This was our first session together as a group. We listened to a presentation from Chris Yoo and Pranav, who gave us a brief insight into how iGEM worked and their journey last in 2022. After this, we were introduced to the idea of synthetic biology and how it is a new tool allowing us to manipulate the genes of organisms to make them do useful things to solve a problem. We had a quick look at some past iGEM projects. This session was just understanding what we were undertaking.
This was another theory-heavy session, however, we did get to start using pipettes, which was a fun experience for everyone. We learned about the registry of parts in iGEM and bio-bricks, extending our knowledge of synthetic biology. We also look at how ordering DNA in the sequence you specify has become ever cheaper with time at only 2 cents per base pair in places. We then learned about the different sizes of puppets, how to load and unload the tips, and the proper pipetting technique. Thi set up an activity where we had to pipet a certain volume of coloured water onto a scale and see how accurate we were.
We had an introduction to microbiology by learning about different bacteria and how we can select certain ones of an agar plate using antibiotics.
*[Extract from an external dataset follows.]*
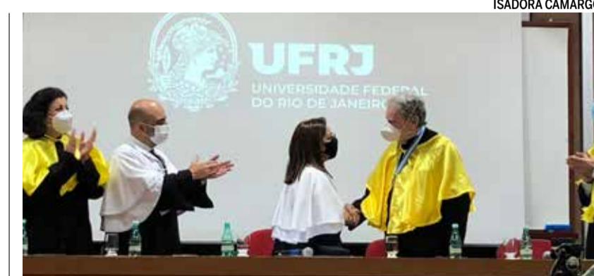
DAVIDOVICH: “É urgente mudar a agenda econômica e social do país”

Presidente da Academia Brasileira de Ciências até o início deste ano, Davidovich não abandonou o tom político em seu discurso de agradecimento. “Estou certo de que o sonho de todos nós é de um país com igualdade de oportunidades para todas as suas crianças, independente do berço em que nasceram. Que incorpore sua população em uma sociedade ilustrada e inclusiva, democrática e produtiva. Esta é a visão que permeia nossas mentes e norteia

We watched a video on how to create the agar mixture and how to pour an agar plate. We then learned the different methods of inoculating an agar plate which is streaking and spreading. We attempted to draw a picture on an agar plate using different coloured bacteria.
This was our first plasmid extraction. We started the lesson learning about plasmids as rings of DNA that are replicated in the cytoplasm of cells. These plasmids can then be extracted separately from the nucleic DNA and cellular matter. This is important because we can replicate DNA by inserting it into a cell and then extracting the copies later.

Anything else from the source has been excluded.